Gemini Prediction (gt_parse):

{
  "invoice_number": "INV-2025-001",
  "date": "2025-06-15",
  "total_amount": "150.75",
  "line_items": [
    {
      "description": "Consulting Services",
      "quantity": "1",
      "unit_price": "100.00",
      "amount": "100.00"
    },
    {
      "description": "Travel Expenses",
      "quantity": "1",
      "unit_price": "50.75",
      "amount": "50.75"
    }
  ]
}

In this ideal scenario, all fields would have a CER of 0.00 and contribute to 100% exact match accuracy.

Now consider a less ideal scenario:

Gemini Prediction (gt_parse):

{
  "invoice_number": "INV-2025-01", // Missing a '0'
  "date": "2025-06-15",
  "total_amount": "150.75",
  "line_items": [
    {
      "description": "Consulting Sercices", // Typo
      "quantity": "1",
      "unit_price": "100.00",
      "amount": "100.00"
    }
  ]
}

Here, "invoice_number" and "line_items[0].description" would show a non-zero CER, and would not count towards exact match accuracy. The "total_amount" and "date" fields, if correctly extracted, would still contribute to exact match accuracy and have a CER of 0.00. This granular evaluation helps pinpoint areas where the OCR model might need further refinement or where certain document layouts pose greater challenges.

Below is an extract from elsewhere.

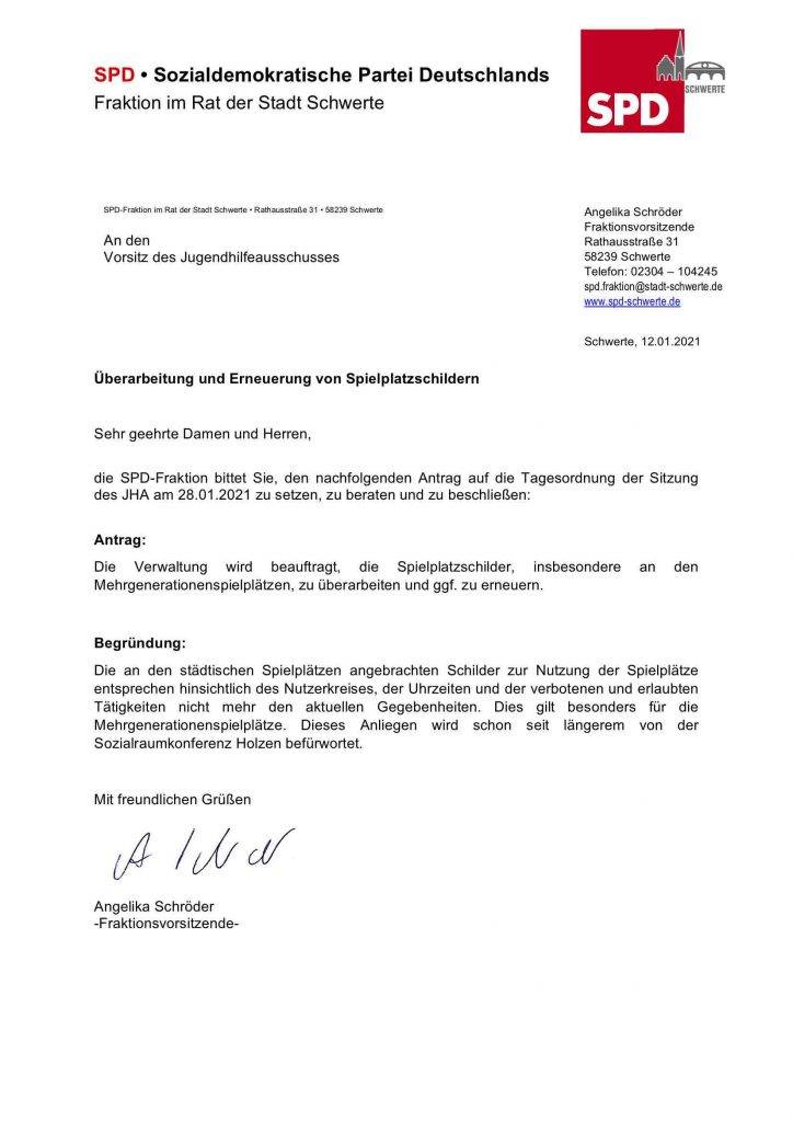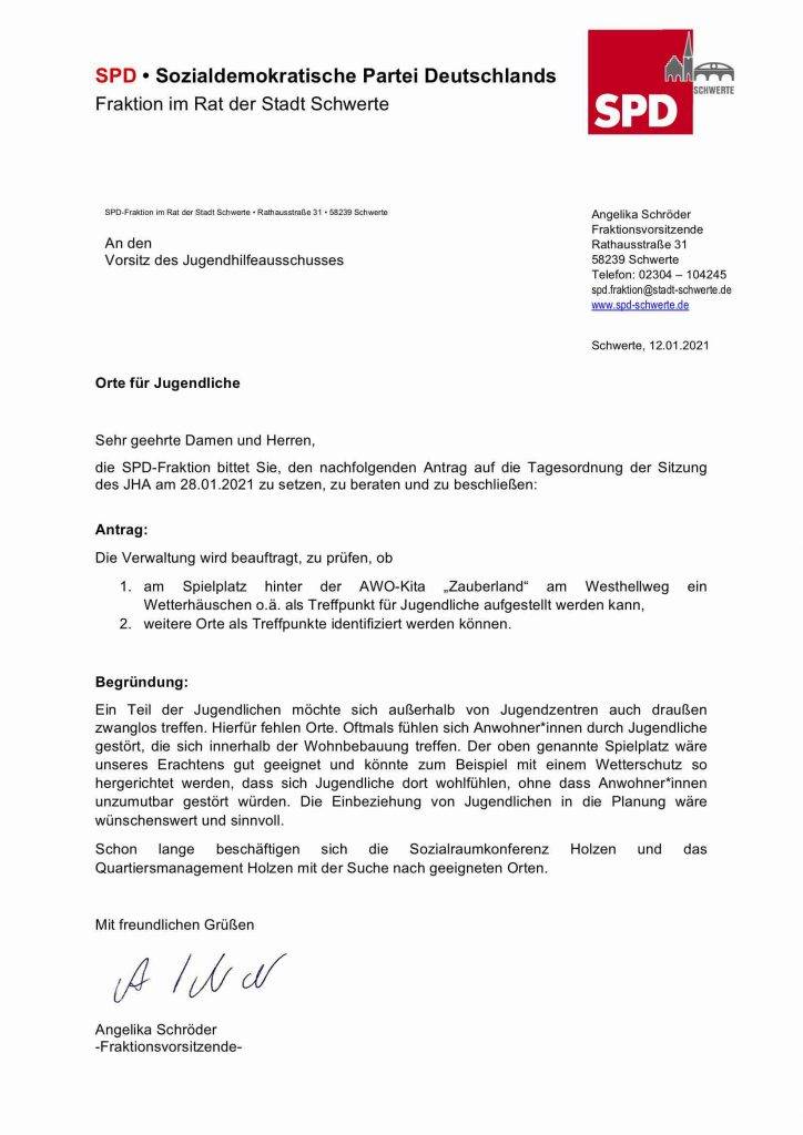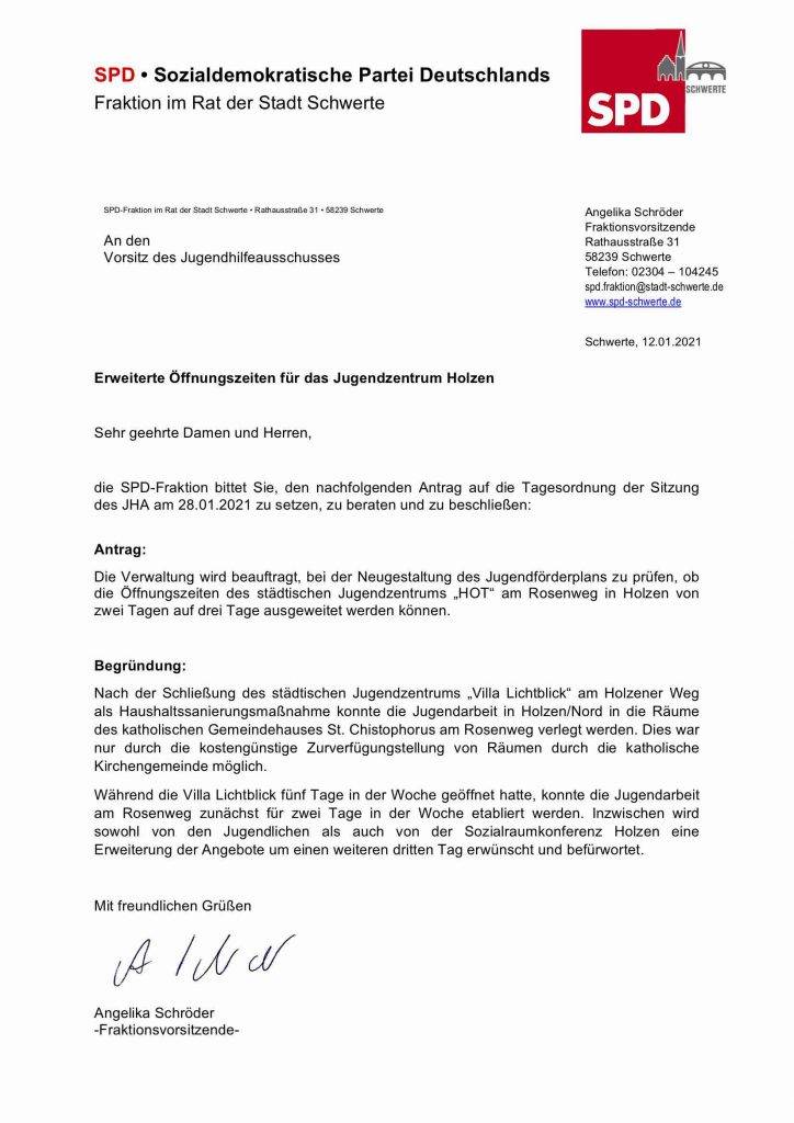 LokalesPolitik SPD mit 3 Anträgen für den Jugendhilfeausschuss Von Redaktion - Januar 12, 2021 0 689 (Foto: © Th.Schmithausen) Am 28.01.2021 tagt wieder der Jugendhilfeausschuss der Stadt im Bürgersaal. Hierzu hat die SPD-Fraktion 3 Anträge vorbereitet: Quelle: SPD-Fraktion im Rat der Stadt Schwerte
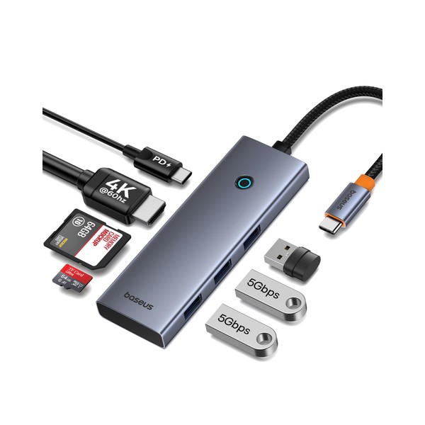 - Baseus USB-C Hub 7-IN-1 4K 60Hz HDMI Hub USB 3.0 5Gbps High Speed Transfer

Conclusion: Unlocking Automation with Intelligent OCR

Evaluating OCR models like Gemini against structured datasets such as invoices-donut-data-v1 is not just an academic exercise. It's a critical step in building robust, automated document processing workflows. By systematically measuring performance using metrics like CER and exact match accuracy, we can:

• Validate Model Performance: Objectively determine how well Gemini handles invoice OCR.
• Identify Strengths and Weaknesses: Pinpoint specific fields or document variations where Gemini excels or struggles.
• Drive Improvement: Use the insights to refine prompts, fine-tune models, or implement post-processing steps to achieve even higher accuracy.

The ability of multimodal AI models like Gemini to not just "read" text but to "understand" documents is transformative for business automation. By rigorously testing and evaluating these capabilities, we move closer to a future where manual data entry from invoices becomes a relic of the past, freeing up human potential for more strategic and creative endeavors.